The organized crime network known as the American Mafia or La Cosa Nostra (Italian for “our thing”) took shape during the Prohibition era of the 1920s when Italian-American gangs in major cities like New York and Chicago dominated the booming bootleg liquor business. By the 1930s, it had come under the control of mob boss Charles “Lucky” Luciano, who established a commission to oversee the Mafia’s various racketeering activities and keep the peace among its constituent crime families.

The canny and influential Luciano, who had earned his nickname by barely surviving an assassination attempt, met his match in Thomas E. Dewey, a future New York governor and presidential candidate who in 1936 was a special prosecutor investigating organized crime. On February 1 of that year, Dewey led an evening raid on 80 New York City brothels that were believed to be part of a massive Mafia-controlled prostitution ring. By midnight, plainclothes cops had brought 125 prostitutes, madams and bookers to his offices in Manhattan’s Woolworth Building.

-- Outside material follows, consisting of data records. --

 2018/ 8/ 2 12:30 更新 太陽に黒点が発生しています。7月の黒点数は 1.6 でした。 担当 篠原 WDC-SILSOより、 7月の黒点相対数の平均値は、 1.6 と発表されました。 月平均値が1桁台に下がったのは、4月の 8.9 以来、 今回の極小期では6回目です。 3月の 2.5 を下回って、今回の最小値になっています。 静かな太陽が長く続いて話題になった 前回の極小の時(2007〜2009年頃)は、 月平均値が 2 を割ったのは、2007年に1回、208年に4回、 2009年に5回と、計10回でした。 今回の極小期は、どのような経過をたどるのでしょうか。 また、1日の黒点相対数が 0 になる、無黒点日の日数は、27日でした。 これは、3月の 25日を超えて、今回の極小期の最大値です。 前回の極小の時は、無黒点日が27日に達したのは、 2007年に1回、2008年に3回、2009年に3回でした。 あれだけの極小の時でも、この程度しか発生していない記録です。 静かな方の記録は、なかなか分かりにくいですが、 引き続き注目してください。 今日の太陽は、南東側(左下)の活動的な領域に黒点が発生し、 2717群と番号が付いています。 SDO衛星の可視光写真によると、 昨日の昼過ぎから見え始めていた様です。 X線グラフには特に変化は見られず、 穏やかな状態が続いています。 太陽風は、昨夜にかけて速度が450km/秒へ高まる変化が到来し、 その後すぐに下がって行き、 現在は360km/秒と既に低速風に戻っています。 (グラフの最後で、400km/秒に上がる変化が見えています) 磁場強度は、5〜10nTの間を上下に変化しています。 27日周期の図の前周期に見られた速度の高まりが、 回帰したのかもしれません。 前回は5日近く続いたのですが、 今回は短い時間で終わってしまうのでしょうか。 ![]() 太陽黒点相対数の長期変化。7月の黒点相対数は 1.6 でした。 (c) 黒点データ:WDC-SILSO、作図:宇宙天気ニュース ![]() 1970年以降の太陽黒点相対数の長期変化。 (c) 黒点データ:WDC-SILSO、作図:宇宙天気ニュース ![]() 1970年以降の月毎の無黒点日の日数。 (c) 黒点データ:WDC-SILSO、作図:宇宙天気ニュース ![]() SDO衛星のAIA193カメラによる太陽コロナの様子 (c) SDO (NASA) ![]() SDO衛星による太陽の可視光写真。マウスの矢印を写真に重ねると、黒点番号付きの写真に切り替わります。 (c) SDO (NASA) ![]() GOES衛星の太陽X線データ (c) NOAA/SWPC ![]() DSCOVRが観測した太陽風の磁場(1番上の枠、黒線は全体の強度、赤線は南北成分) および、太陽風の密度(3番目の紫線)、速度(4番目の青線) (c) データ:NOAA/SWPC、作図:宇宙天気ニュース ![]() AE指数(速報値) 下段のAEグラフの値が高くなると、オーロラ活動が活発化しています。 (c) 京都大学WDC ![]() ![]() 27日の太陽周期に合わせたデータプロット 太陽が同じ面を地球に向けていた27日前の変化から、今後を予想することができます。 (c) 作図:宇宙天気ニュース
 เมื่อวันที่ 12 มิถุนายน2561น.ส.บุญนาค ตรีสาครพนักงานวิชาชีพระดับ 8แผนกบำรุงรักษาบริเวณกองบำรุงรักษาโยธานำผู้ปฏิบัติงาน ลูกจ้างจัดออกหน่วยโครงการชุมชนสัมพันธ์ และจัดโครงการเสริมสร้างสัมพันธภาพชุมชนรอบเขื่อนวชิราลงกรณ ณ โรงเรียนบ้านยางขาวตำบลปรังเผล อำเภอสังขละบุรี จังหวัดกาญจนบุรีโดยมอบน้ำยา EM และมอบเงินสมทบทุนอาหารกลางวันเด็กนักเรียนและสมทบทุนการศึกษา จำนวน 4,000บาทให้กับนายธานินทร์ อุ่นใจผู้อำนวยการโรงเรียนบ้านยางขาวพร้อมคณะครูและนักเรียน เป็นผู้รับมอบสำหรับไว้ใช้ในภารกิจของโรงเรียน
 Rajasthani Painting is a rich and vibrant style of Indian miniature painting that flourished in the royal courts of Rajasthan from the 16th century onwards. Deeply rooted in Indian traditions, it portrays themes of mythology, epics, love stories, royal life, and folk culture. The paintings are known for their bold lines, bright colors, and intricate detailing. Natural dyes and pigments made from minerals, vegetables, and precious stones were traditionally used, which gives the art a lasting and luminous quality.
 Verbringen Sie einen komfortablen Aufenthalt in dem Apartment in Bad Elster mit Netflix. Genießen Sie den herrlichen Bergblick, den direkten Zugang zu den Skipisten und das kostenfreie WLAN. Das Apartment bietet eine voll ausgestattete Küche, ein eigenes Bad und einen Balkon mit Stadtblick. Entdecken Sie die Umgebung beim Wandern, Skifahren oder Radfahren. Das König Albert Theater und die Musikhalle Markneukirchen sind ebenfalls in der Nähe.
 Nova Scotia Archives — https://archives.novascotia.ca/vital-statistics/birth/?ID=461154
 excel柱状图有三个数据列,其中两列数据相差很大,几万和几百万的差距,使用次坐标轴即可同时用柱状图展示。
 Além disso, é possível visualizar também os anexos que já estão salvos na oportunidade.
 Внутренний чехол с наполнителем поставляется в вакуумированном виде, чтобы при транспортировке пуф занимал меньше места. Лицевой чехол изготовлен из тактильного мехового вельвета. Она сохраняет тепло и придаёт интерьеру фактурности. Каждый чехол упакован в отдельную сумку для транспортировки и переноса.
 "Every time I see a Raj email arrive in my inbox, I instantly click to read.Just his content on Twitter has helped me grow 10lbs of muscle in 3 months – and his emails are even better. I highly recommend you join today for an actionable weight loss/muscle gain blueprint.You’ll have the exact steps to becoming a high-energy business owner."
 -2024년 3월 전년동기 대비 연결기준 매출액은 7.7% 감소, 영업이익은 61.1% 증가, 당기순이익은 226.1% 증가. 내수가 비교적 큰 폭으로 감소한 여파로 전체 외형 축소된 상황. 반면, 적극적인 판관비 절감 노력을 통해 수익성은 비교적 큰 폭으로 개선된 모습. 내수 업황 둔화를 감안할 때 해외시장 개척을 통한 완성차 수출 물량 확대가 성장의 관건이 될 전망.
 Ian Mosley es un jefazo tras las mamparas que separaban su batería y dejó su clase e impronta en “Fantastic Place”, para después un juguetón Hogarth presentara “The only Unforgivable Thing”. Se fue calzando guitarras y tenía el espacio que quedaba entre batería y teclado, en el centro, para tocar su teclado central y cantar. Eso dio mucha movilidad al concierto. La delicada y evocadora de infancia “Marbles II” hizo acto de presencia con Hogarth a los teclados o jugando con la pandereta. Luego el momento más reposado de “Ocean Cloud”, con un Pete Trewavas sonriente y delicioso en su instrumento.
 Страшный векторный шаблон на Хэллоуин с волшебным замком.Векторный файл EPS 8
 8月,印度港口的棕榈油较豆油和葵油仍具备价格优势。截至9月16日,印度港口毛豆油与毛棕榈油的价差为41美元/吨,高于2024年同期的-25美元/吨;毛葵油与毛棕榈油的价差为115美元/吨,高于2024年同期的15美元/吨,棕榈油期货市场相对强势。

Dewey and his team—which included Eunice Carter, the first African-American woman to serve as a New York assistant district attorney—convinced 68 of the women to testify against Luciano and his associates. Witnesses included such memorable characters as Cokey Flo Brown, who recalled Luciano pledging to “organize cathouses just like the A&P [supermarket chain].” The famous mobster was charged with 62 counts of compulsory prostitution and sentenced to 30 to 50 years in prison. Nonetheless, he continued to play a key role in La Cosa Nostra’s management structure while behind bars and after his 1946 deportation to Italy.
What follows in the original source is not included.